I'm having a hard time conceptualizing why this works and it's making implicit differentiation that much harder to understand since it's basically an extension of the chain rule. The whole fraction cancelling pseudo-explanation (d(*)*/d(*) * d*/dx = d(*)*/dx) unfortunately isn't good enough for my brain who's a stickler for understanding everything inside and out before accepting it. •   To understand chain rule think about definition of derivative as rate of change. d[f(g(x)]/d[x] basically means rate of change of f(g(x)) regarding rate of change of x, and to calculate this we need to know two values:
1- How much f(g(x)) changes while g(x) changes = d[f(g(x))]/d[g(x)]
2- How much g(x) changes while x changes = d[g(x)]/d[x]
to calculate rate of change of f(g(x)) in regard to rate of change of x, you just need to multiply these two values together because x changes f(x) and g(x) changes f(g(x)) (it should be obvious thinking about definition of a function in mathematics).

About fraction cancelling, as you mentioned it is a pseudo-explanation and speaking mathematics dg/df*df/dx is not like c/b*b/a = c/a so you can't cancel out nominator and denominator. (df/dx is not a division of df by dx)
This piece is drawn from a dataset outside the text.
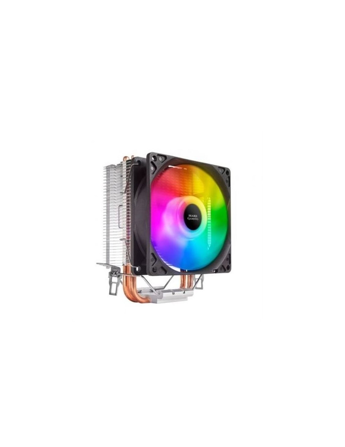 Refrigeración CHROMA RGB hasta 130W TDP 2x Heatpipes HCT Ventilador AUTO CHROMA RGB TDP de hasta 130W Silencioso con tecnología PWM ALTO RENDIMIENTO: TDP 130W Capaz de soportar CPUs de hasta 130W de TDP, gracias a sus dos heatpipes HCT y a su gran radiador vertical con láminas de alta densidad, te permite disfrutar de tu PC al máximo. Además, la innovadora tecnología PWM te garantizará siempre el menor ruido posible. ILUMINACIÓN ESPECTACULAR CHROMA RGB ILUMINACIÓN ESPECTACULAR CHROMA RGB El ventilador incorporado cuenta con una impresionante iluminación CHROMA RGB con un efecto de iluminación Rainbow CHROMA automático. RGB Control MULTISOCKET UNIVERSAL MULTISOCKET UNIVERSAL Gracias a su multisocket universal, el disipador MCPUARGB cuenta con una amplia compatibilidad que te permite utilizarlo con gran cantidad de placas base, ofreciéndote soporte tanto para Intel series LGA 1200, 1156, 1155, 1151, 1150, 775 y AMD series AM4, AM3+, AM3, AM2+, AM2, FM2, FM1. CARACTERÍSTICAS TÉCNICAS- Dimensiones 124x93x67mm Peso 269g Iluminación RGB Chroma Material Base de cobre, aletas de aluminio TDP 130W Socket INTEL LGA 1200/1156/1155/1151/1150/775 y AMD AM4/AM3+/AM3/AM2+/AM2/FM2/FM1 Ventilador 90x25mm Antivibraciones Sí Flujo de aire 26.9-65.3 CFM Nivel sonoro 9-26 dBA Velocidad 800-2200 ± 10% RPM Potencia máx. 2.76W Vida útil 60.000 horas Rodamientos Hidráulico Conexión PWM 4pin N de heatpipes 2 Pasta térmica Sí Voltaje 12VDC Corriente 0.23A https://es.marsgaming.eu/es/refrigeracion/mcpuargb_mcpuargb
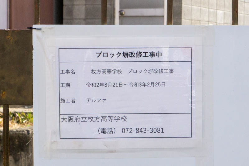 枚方高校を囲っているブロック塀がフェンスになってきています。

Finally, here is a rigorous proof of the chain rule that might be helpful:
http://math.rice.edu/~cjd/chainrule.pdf
• I have a hard time understanding that the the square root of x is equal to x raised to 1/2. Can anyone show me a proof that square root of x=x^1/2? Also, if square roof of x=x^1/2, what would x^-1/2 be?

Thanks! •  Nice question !
A square root just gives a number that when multiplied with itself gives the number the square root is being found of. Like √4 = 2 As 4= 2*2
Let's take x^1/2 * x^1/2. The product rule of exponents is :
x^a * x^b = x^(a + b)
So by this x^1/2 * x^1/2 = x^( 1/2+1/2)= x^1 = x
Also now what is the square root of x ? As we saw above the square root is a number when multiplied with itself gives the number whose square root is being found. x^1/2 when multiplied by itself gives x like 2 gives 4. So √x= x^1/2
• For the example in the video: Is there really no way to simplify the final answer? • You could rewrite it as a fraction, (6x-1)/2(sqrt(3x^2-x)), but that's just an alternate form of the same thing rather than a true simplification. Sometimes the answer to a problem like this is messy. You should be prepared for messy answers when applying the product rule, the quotient rule and the chain rule.
• At , excactly why do we multiply with the derivative of g(x)? Is there any intuition here, or perhaps any proof one can watch? :-) • Unfortunately, I don't think that Khan Academy has a proof for chain rule.
I personally have not seen a proof of the chain rule. The reasoning that I use comes from the ideas function transformations.
We have the function f(x). When I do f(2x), that squeezes the graph in the horizontal direction by a factor of 2. My reasoning is that at a point, f(g(x)) will have the normal slope f'(g(x)), but it needs a multiplier because g(x) is instantaneously stretching or compressing in the x direction which will decrease or increase, respectively, the slope of the tangent line. This is accounted for by multiplying by g(x). That may or may not help you. I have found that I have some unusual ways of thinking about math.
Paul's Online Math notes happens to have a proof of the chain rule. I have not read it myself, but I put a link here so that you may enrich your learning if you so choose.
http://tutorial.math.lamar.edu/Classes/CalcI/DerivativeProofs.aspx#Extras_DerPf_ChainRule
• I'm having a hard time understanding where f(x) and g(x) come from. From -, how did you find that f(x) is the sqrt. of x and g(x) is 3x^2-x? • He takes them directly from the expression he is planning to differentiate. The square root is the outer function, 3x^2 - x is the inner function.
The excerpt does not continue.